I want to train an LSTM-based RNN model for binary classification and for that I wanted to use tensorflow keras model with LSTM layers. In order to do so, I need testing input and output as well as validation input and output, which I wanted to generate with sklearns train_test_split.
def prepare_data(self, satellites):
"""
Prepare time-series data for RNN.
"""
feature_sequences = []
labels = []
for sat in satellites:
if sat.manoeuvrability is not None:
# Stack the orbital parameters as time-series features (epochs will be the time dimension)
features = np.column_stack((
sat.apoapses,
sat.periapses,
sat.inclinations,
sat.mean_motions,
sat.eccentricities,
sat.semimajor_axes,
sat.orbital_energy
))
feature_sequences.append(features)
labels.append(sat.manoeuvrability)
X = np.array(feature_sequences, dtype=object)
y = np.array(labels)
return train_test_split(X, y, test_size=0.2, random_state=42)
train_test_split returns me a None-Value. Removing the dtype=object cast in the argument leads me to an
ValueError: setting an array element with a sequence. The requested array has an inhomogeneous shape after 1 dimensions. The detected shape was (73,) + inhomogeneous part.
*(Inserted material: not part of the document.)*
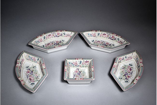 A SET OF FIVE FAMILLE ROSE JARDINIERES 瓷彩釉小水仙盆五個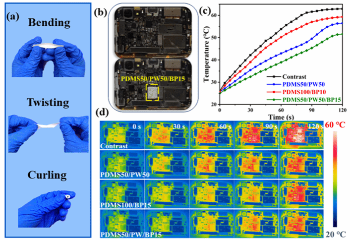 图4. (a) PDMS50/PW50/BP15的柔性测试图。(b) 智能手机的数码照片。(c) PDMS50/PW50、PDMS100/BP15和PDMS50/PW50/BP15用于手机热管理的温度-时间曲线和 (d) 红外热成像图片。

How do I properly form my features vector for sklearns train_test_split if I want to pass literal timeseries as arguments? The time-dependence is important in my case, so I really cant work around with manually breaking down time series to the average or something
I simplified your code to this:
def prepare_data():
feature_sequences = []
labels = []
for i in range(10):
features = np.column_stack((2*i*5, "hello")) # wrong?
# features = (2*i*5, "hello") # correct
feature_sequences.append(features)
labels.append(i)
X = np.array(feature_sequences, dtype=object)
y = np.array(labels)
return train_test_split(X, y, test_size=0.2, random_state=42)
The returned split for the features in a 3D array which it shouldn't be. Just replace the line with column_stack
and the resulting split looks better.